Leung and his colleagues are working to make NK donor selection even better. They recently published evidence suggesting tiny variations in the composition of KIR proteins either enhance or diminish the NK cells’ cancer-fighting ability. Investigators are now checking to see if the differences might better predict transplant outcomes.
Breaking the mold
Jordan’s family hoped NK cells could offer a cure. Both Chancelly and Jordan’s father were screened as potential NK cell donors. Tests indicated Chancelly’s cells offered the best hope.
In a process much like a blood donation, clinicians removed stem cells from Chancelly and treated them to remove other immune cells that might attack Jordan’s healthy tissue. The stem cells were then transfused into Jordan, who had received powerful anticancer drugs to eliminate his own diseased cells. A week later, Jordan received a second infusion, this time with NK cells isolated from Chancelly’s blood. Investigators hope the combination of stem cells and NK cells will be safer and more effective than a stem cell transplant alone.

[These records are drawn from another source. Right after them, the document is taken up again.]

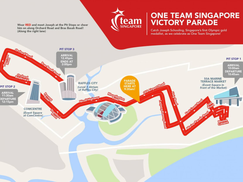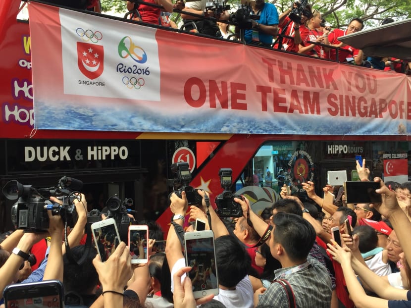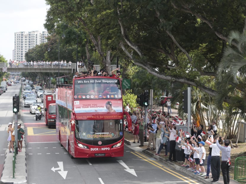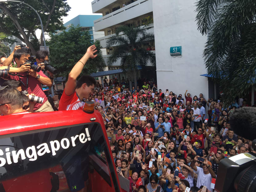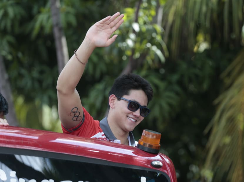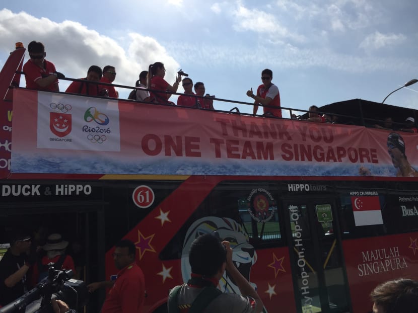 SINGAPORE — National swimmer Joseph Schooling embarked on an open top bus victory parade on Thursday (Aug 18) to celebrate his historic gold medal win at the Rio Olympics.
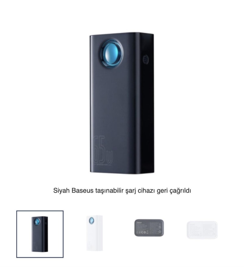 Ünlü teknoloji markası Baseus, 65W gücünde, 30000mAh kapasiteli taşınabilir şarj cihazlarını acil olarak geri çağırma kararı aldı.
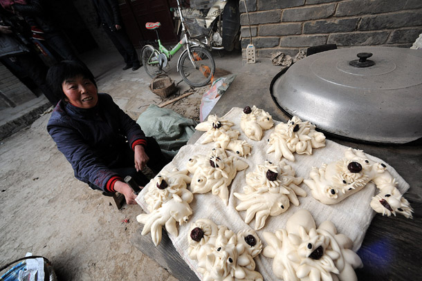 2012年1月27日,芮城县东历山村村民任莲凤(左)按照习俗将刚出锅的芮城花馍送给邻居
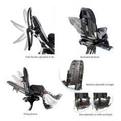 Петли регулировки сиденья расположены близко к суставам пользователя (тазобедренным, коленным и голеностопным суставам). Эта структурная особенность является основным фактором, способствующим хорошему самочувствию ребёнка, так как осанка не изменяется во время регулировки наклона. Угол наклона спинки и сиденья регулируются двумя пружинами, что позволяет сделать регулировку особенно мягкой и плавной. При полном наклоне кресло принимает почти лежачее положение.
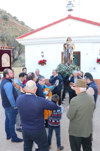 La pedanía aguileña de la Cuesta de Gos celebró, un año más, su tradicional fiesta de Navidad. Un evento que dio comienzo con una misa celebrada en la ermita de este coto minero tras la cual la Virgen salió en procesión acompañada de numerosos vecinos de la zona, así como de diferentes miembros de la corporación municipal entre los que se encontraba la alcaldesa de Águilas, Mari Carmen Moreno, y el edil de Agricultura, Bartolo Hernández. Como viene siendo habitual antes de que la imagen de la Virgen procesionara por los montes de esta pedanía aguileña se procedió a la subasta de la propia imagen y del estandarte, un simbólico acto que se ha mantenido inalterado a lo largo de los años.
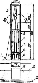 Рис. 25. Агрегат с реактивно-турбинным буром РТБ-2600; 1 - электролебедка; 2 - долото диаметром 750 мм; 3 - вертлюг; 4 - вышка; 5 - турбобуры; 6 - верхние центраторы; 7 - нригруз; 8 - нижние центраторы; 9 - долото диаметром 490 мм; 10 - оболочка; 11 - грунт; 12 - скальная порода В частности, подвесной бурильный агрегат отечественного производства с четырехшпиндельным укороченным электробуром применяют для вращательного шарошечного бурения с промывкой вертикальных скважин диаметром 1,3 - 1,65 м глубиной до 56 м (рис. 26). Подводное бетонирование обычно производят способом вертикально перемещающейся трубы (ВПТ) [7], который, однако, не позволяет получать требуемые классы по прочности и водонепроницаемости и необходимое качество бетона буронабивных свай.
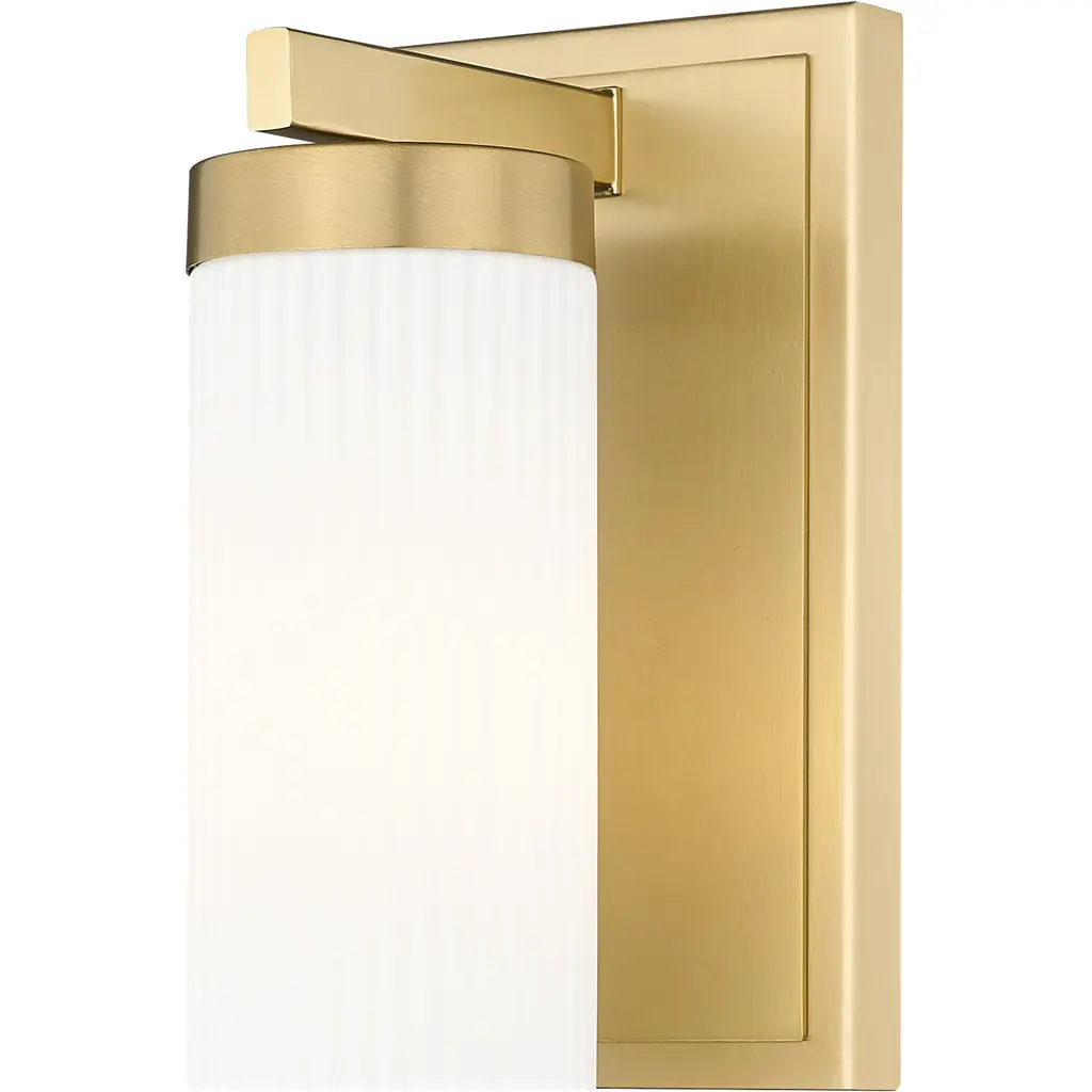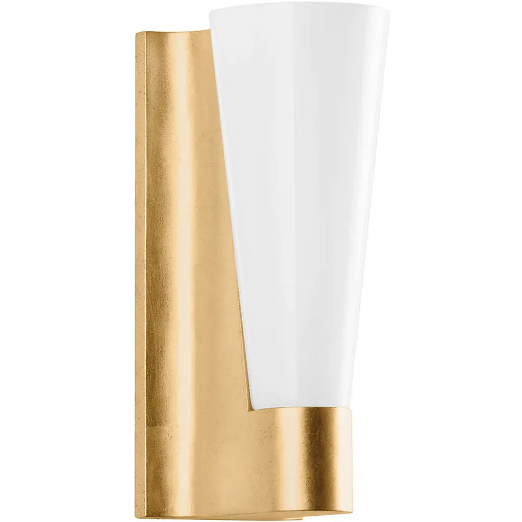 Architectural form meets vintage sparkle in the stately Abner sconce from Troy Lighting. A sculptural steel backplate extends from the wall, angling out to hold an opal glass shade. Warm light glows softly around the transitional fixture as it reflects beautifully off the vintage metalwork. The sconce feels comfortable and inviting with its deco-inspired sophistication, lighting up your space with a touch of timeless glamour. This damp-listed sconce combines versatile illumination with art deco style for an exquisite accent piece.
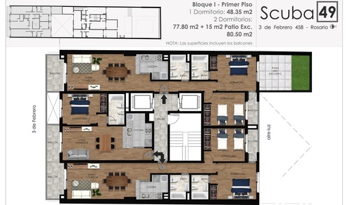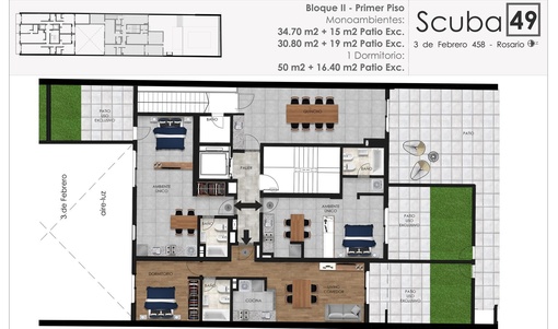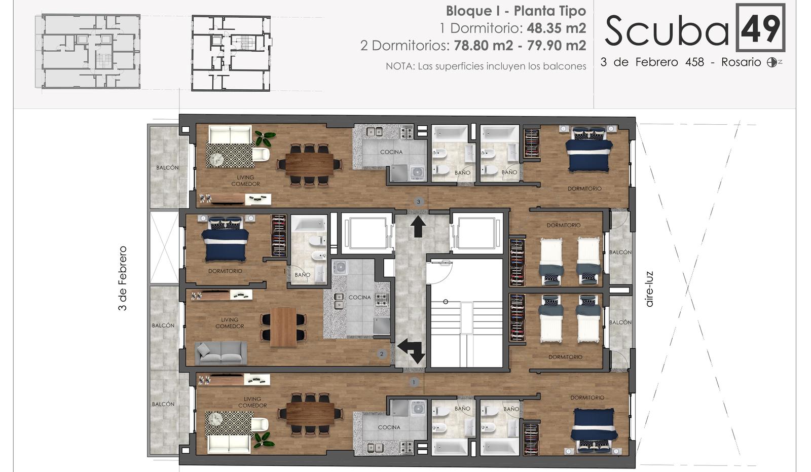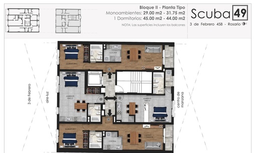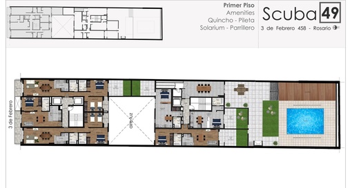 En barrio Martin sobre calle 3 de Febrero 458, a pocas cuadras del parque Urquiza y del monumento a la Bandera, se ubica el SCUBA 49. Edificio con dos bloques de 9 plantas que posee unidades de un dormitorio, dos dormitorios y ambientes únicos. Cuenta con 3 niveles de cocheras, SUM y áreas recreativas con parrillero, piscina y solárium. Fecha de Entrega: JUNIO 2026 Amenities Panel solar Portón eléctrico Llave eléctrica Cargador coche eléctrico Solarium Quincho Pileta Parrilla Cochera Código del inmueble: CAP6147938 Encontrá todas nuestras propiedades en: cccarlachiani. com. ar C.I. Mauro Carlachiani Mat. N° 280 *Toda la información y medidas provistas son aproximadas y deberán ratificarse con la documentación pertinente y no compromete contractualmente a nuestra empresa. Los gastos (Expensas, API, TGI, AGUAS, etc.) expresados, refieren a la última información recabada y deberán confirmarse. Fotografías no vinculantes ni contractuales.

During the month following the transplant, his doctors recognized that—despite the hemorrhage he had suffered in infancy—Jordan was behaving like a healthy baby.
Maurer entered Jordan’s room a day after transplant to find the child playing patty cake.

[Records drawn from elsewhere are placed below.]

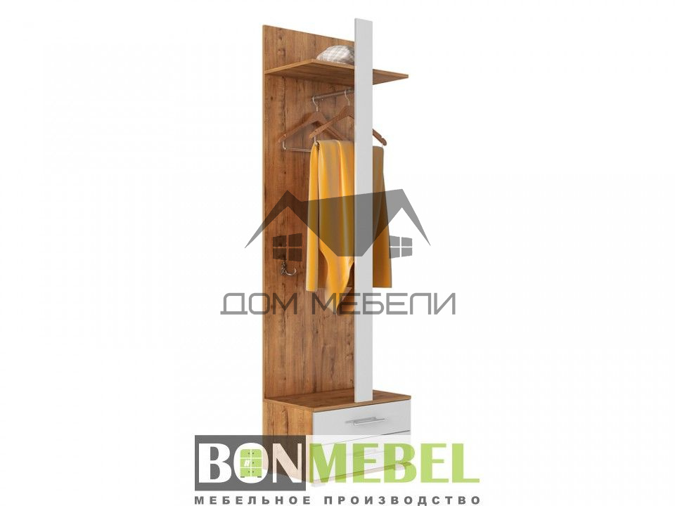 Прихожая Сан Марино отлично дополняет систему хранения в коридоре. Модель позволяет аккуратно повесить на плечики верхнюю одежду, а на полке и крючке расположить сумки, головные уборы и аксессуары. В выдвижных ящиках удобно хранить средства по уходу за обувью и другие полезные мелочи.
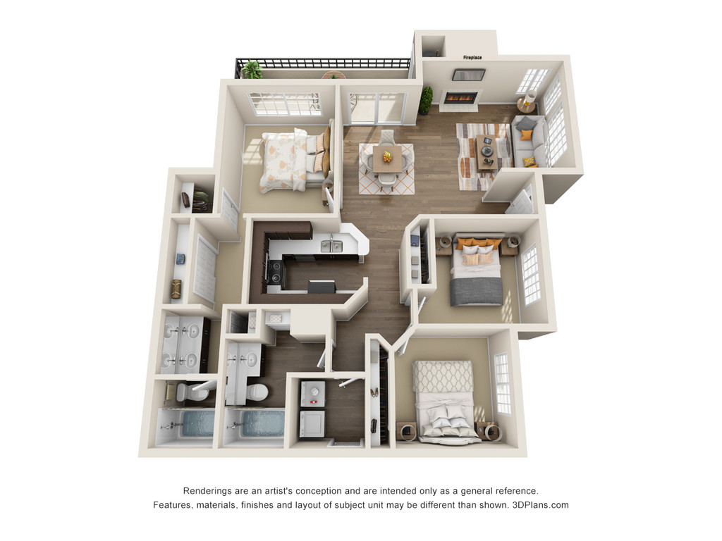 3 Dormitorios, 2 Baños, 1244 pies²Disponible AhoraGalería del Modelo
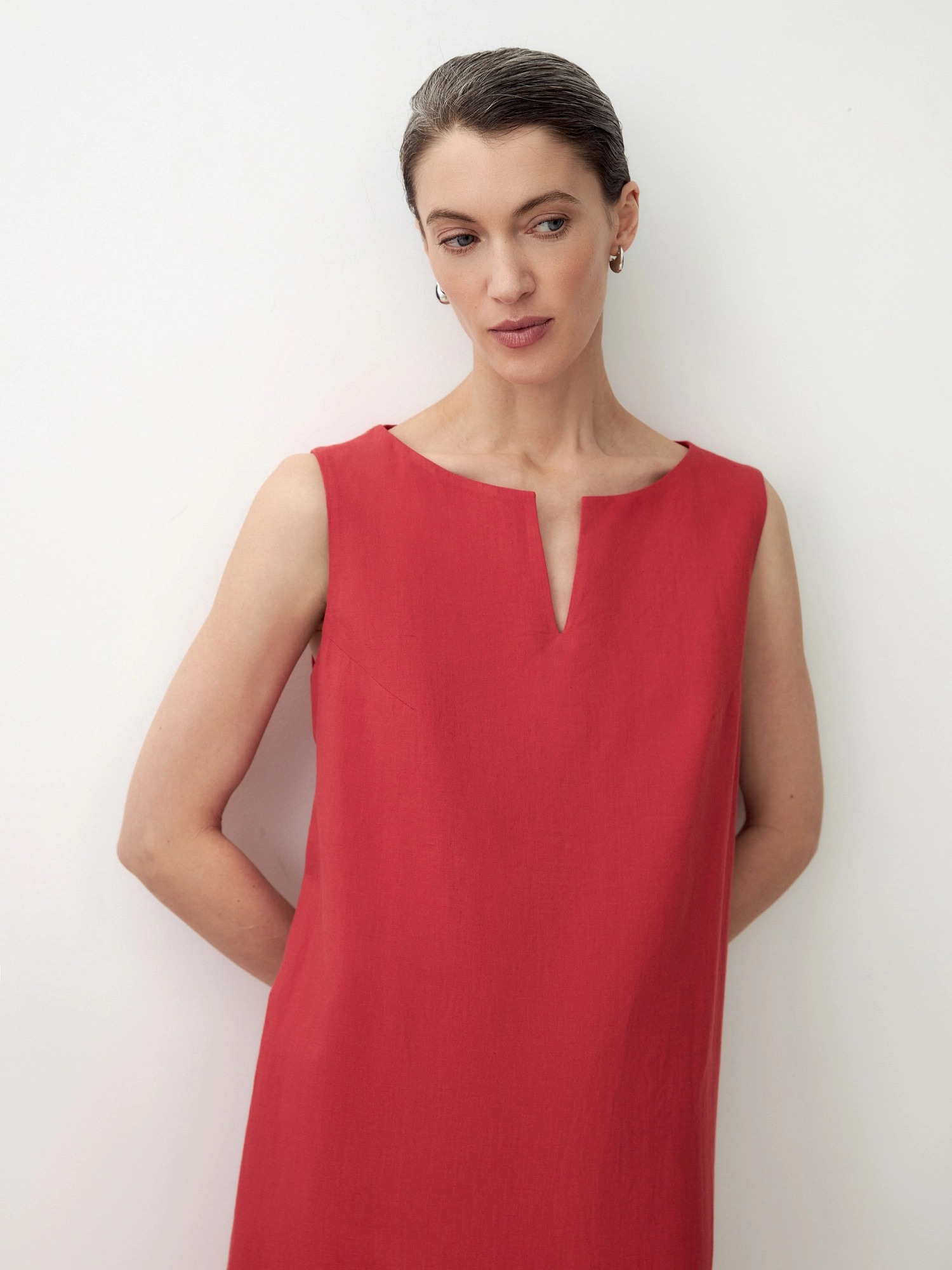 Платье трапеция из льняной ткани с круглой горловиной и небольшим разрезом по переду. В боковых швах потайные карманы.

“Jordan was smiling. He could see the person he was playing with. He could make the complex movements needed to play the game,” Maurer recalls. “It was an epiphany moment. I thought to myself: ‘This kid is going to grow up, go to school and do great things with his life.’”
Now, more than two years after his transplant, Jordan remains cancer free. His health and development are closely monitored at St. Jude. Jordan’s speech has lagged a bit, but Maurer says the toddler who loves wrestling and dancing is an example of the infant brain’s resiliency. Following the bleed, undamaged regions of Jordan’s brain took on additional tasks. That helps explain why Jordan is now busy learning his letters and has such a good time singing and banging on the piano.

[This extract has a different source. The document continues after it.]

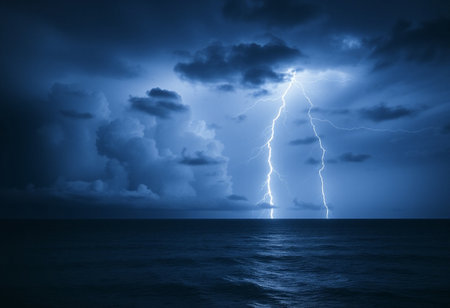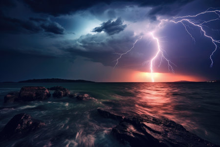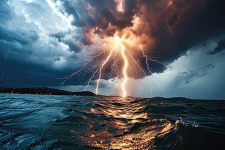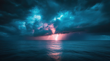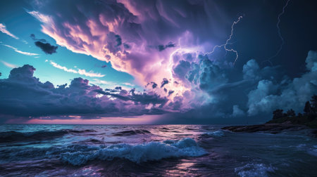 A captivating storm scene showcasing dark clouds illuminated by powerful lightning strikes over tumultuous ocean waves, evoking nature's raw power.
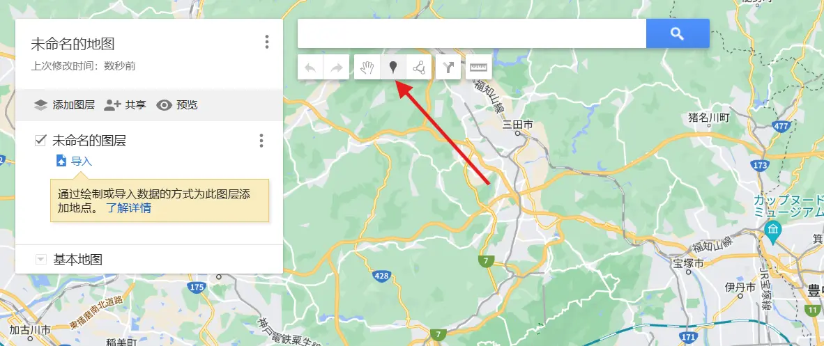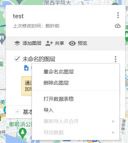 该功能可以将 Google My Map 中的地标导入到当前作品中

“This kid broke the mold,” Maurer says. “You hear stories about patients like this, but you never think you’ll meet one. He should not have survived either the cancer or the bleed.”
Never give up
Leung says Jordan exemplifies the hospital’s commitment to the dream of St. Jude founder Danny Thomas that no child should die in the dawn of life. “Jordan had all the high-risk features you don’t want in a patient,” Leung says. “But we never give up.”
Infants like Jordan are not the only cancer patients who may benefit from treatment with NK cells. Leung and his colleagues also conducted research involving 10 children with acute myeloid leukemia (AML) who received NK cells from parents. The children had completed standard therapy with anti-cancer drugs and were in remission when they received the donor NK cells. Nearly three years later, all participants remain cancer free.
An editorial that accompanied a report on this research in the Journal of Clinical Oncology praised the St. Jude approach, predicting it could have far-reaching implications for improving treatment of AML.
St. Jude oncologist Jeffrey Rubnitz, MD, PhD, says although it is too soon to credit the NK cell transplant for the continued remission of patients involved, the finding helped launch a nationwide study of NK cells as a possible alternative to stem cell transplant in some children with AML.
For Jordan’s family, St. Jude is a second home. An aunt makes an annual trip from Louisiana to Memphis to volunteer. Other relatives participated in the December marathon and 5-kilometer race held in Memphis to benefit St. Jude.
Chancelly still recalls her relief when she learned she would not have to pay for Jordan’s care. “They really do spend the funds they raise on the kids,” she says. “But I fell in love with this place when I arrived. The people at St. Jude really have a love for kids.”